__ACTIVITY__. The answer should consist of the full listing below, repeated exactly and free of pictures.

__DATASET SECTION__.

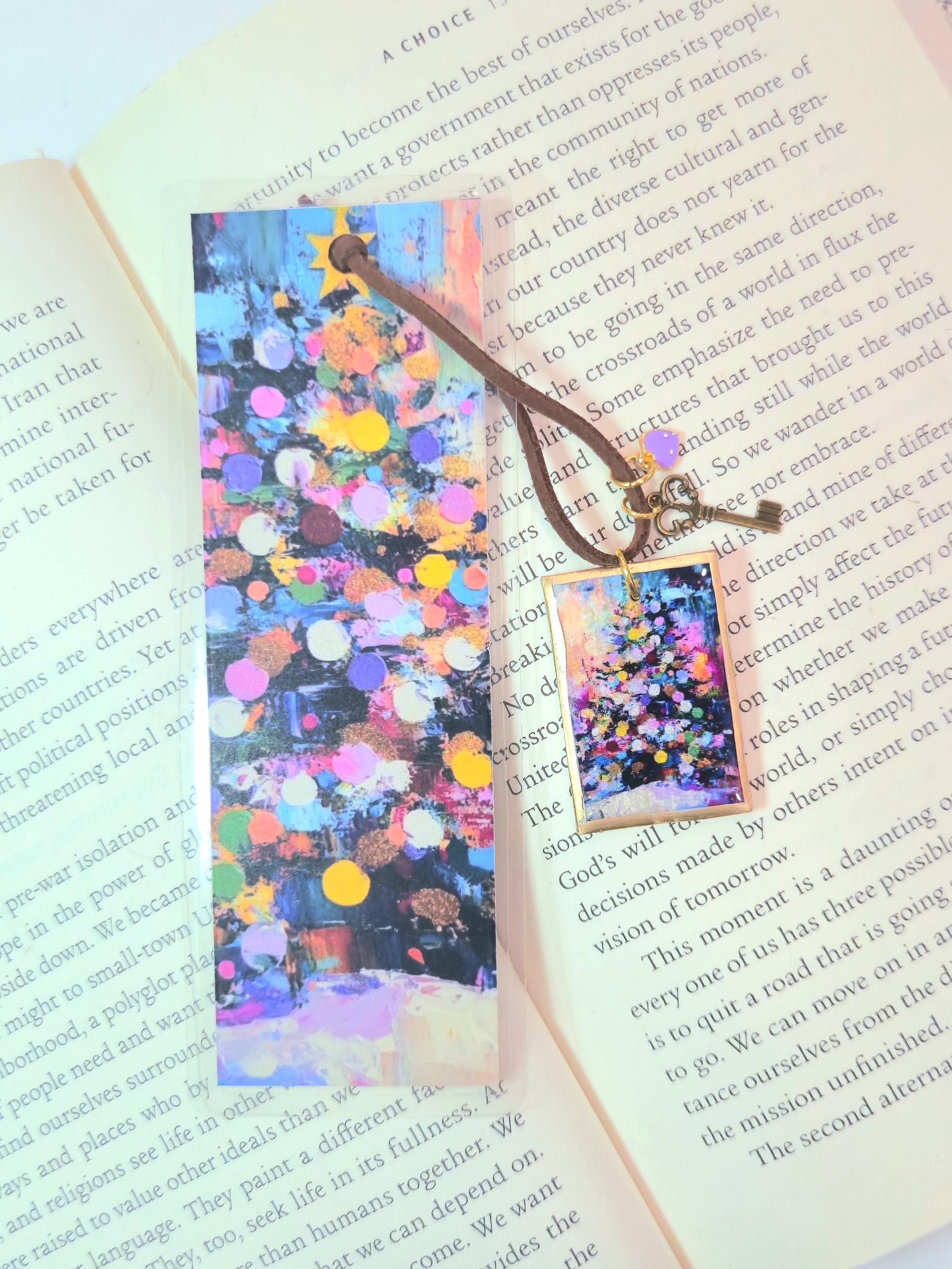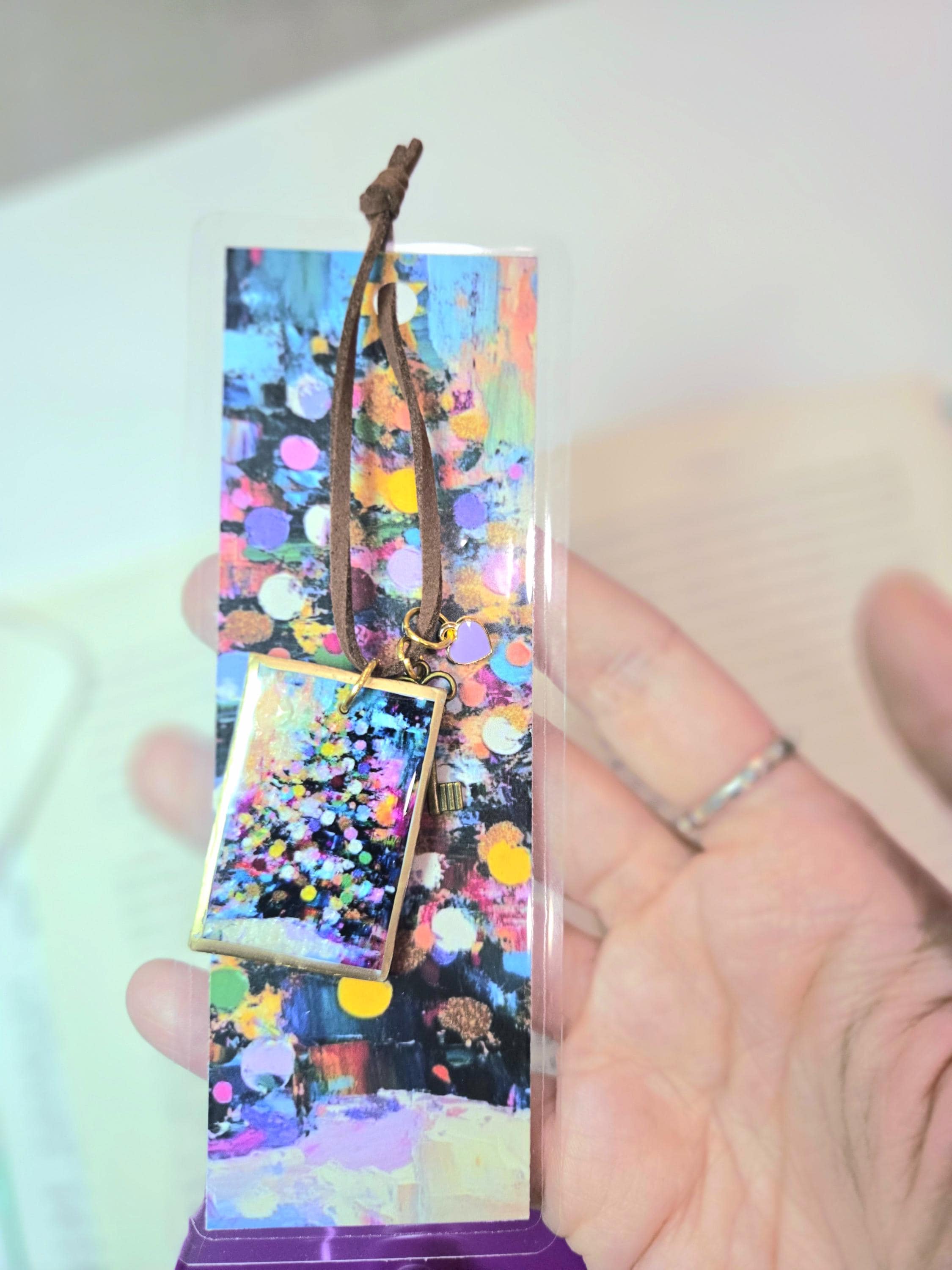 Finished with a handmade clay charm created using a decal transfer technique, this bookmark adds a small artistic accent without weighing down your pages. The laminated surface protects the artwork, while the faux leather cord makes it easy to mark your place and adds a cozy handmade feel.
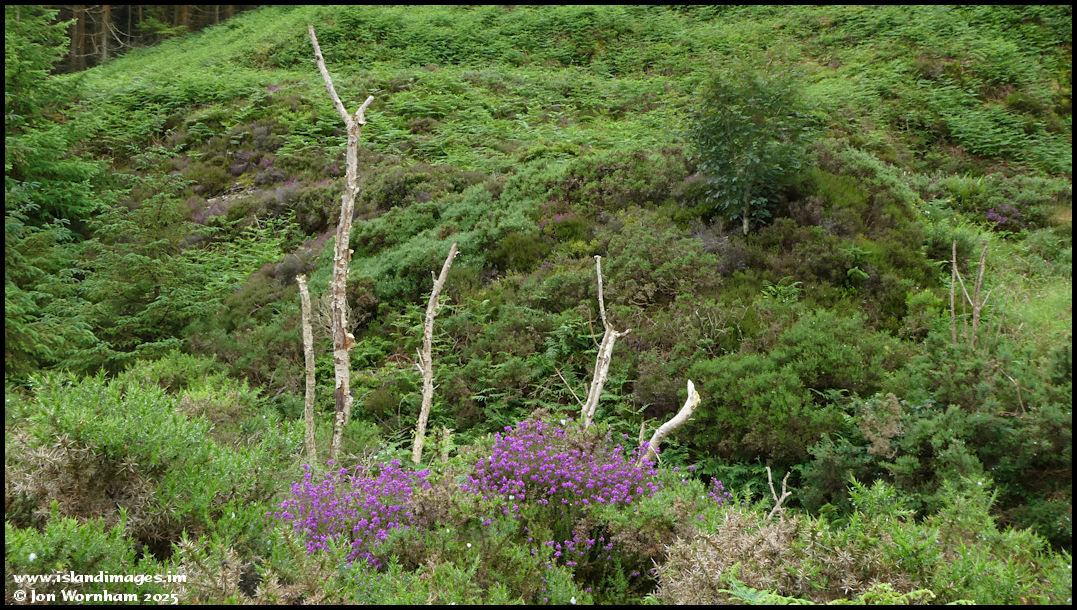 Heather and gorse in competition! It's difficult to determine from the map where Glen Mooar ends and Glen Rushen starts, but as I've now branched off the old road I'm calling this bit Glen Rushen!
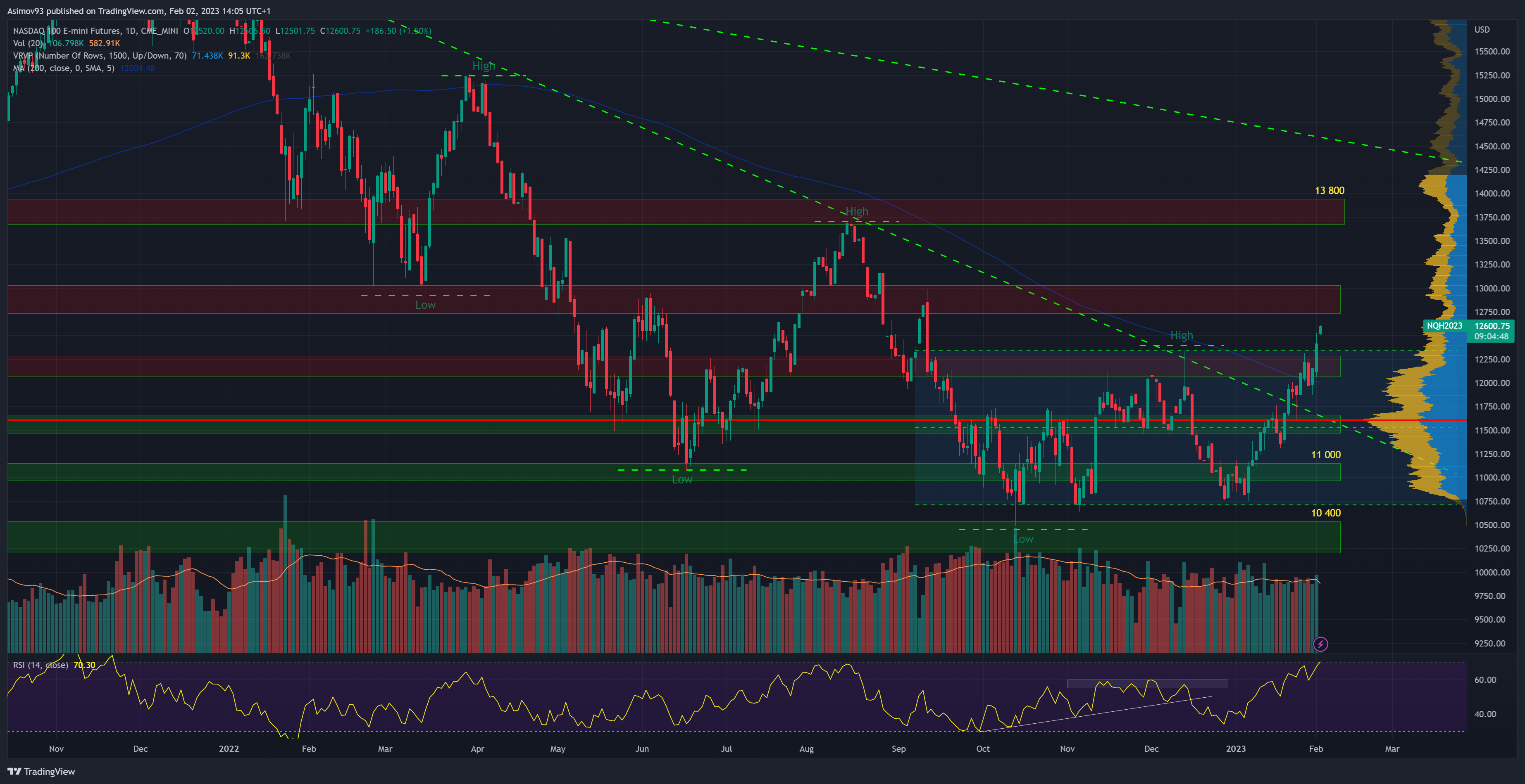 Takže akciový index S&P 500 má své low z října minulého roku na úrovni 3 500 bodů. On té doby de facto platí rostoucí trend, který se dost možná brzy potvrdí překonáním vrcholu z poloviny prosince. Nedávno se kurzu indexu podařilo překonat zakreslenou rezistenční linii, kterou kurz nedlouho poté i ze shora otestoval. Výsledek je evidentně pozitivní. Od té chvíle S&P 500 expanduje. A během tiskové konference, s předsedou Fed, se kurz vydal nad S/R levelem 4 100 bodů. Zároveň došlo k průlomu z té zakreslené stranové struktury.

__RESULT OF THIS EXERCISE__.
 Finished with a handmade clay charm created using a decal transfer technique, this bookmark adds a small artistic accent without weighing down your pages. The laminated surface protects the artwork, while the faux leather cord makes it easy to mark your place and adds a cozy handmade feel.
 Heather and gorse in competition! It's difficult to determine from the map where Glen Mooar ends and Glen Rushen starts, but as I've now branched off the old road I'm calling this bit Glen Rushen!
 Takže akciový index S&P 500 má své low z října minulého roku na úrovni 3 500 bodů. On té doby de facto platí rostoucí trend, který se dost možná brzy potvrdí překonáním vrcholu z poloviny prosince. Nedávno se kurzu indexu podařilo překonat zakreslenou rezistenční linii, kterou kurz nedlouho poté i ze shora otestoval. Výsledek je evidentně pozitivní. Od té chvíle S&P 500 expanduje. A během tiskové konference, s předsedou Fed, se kurz vydal nad S/R levelem 4 100 bodů. Zároveň došlo k průlomu z té zakreslené stranové struktury.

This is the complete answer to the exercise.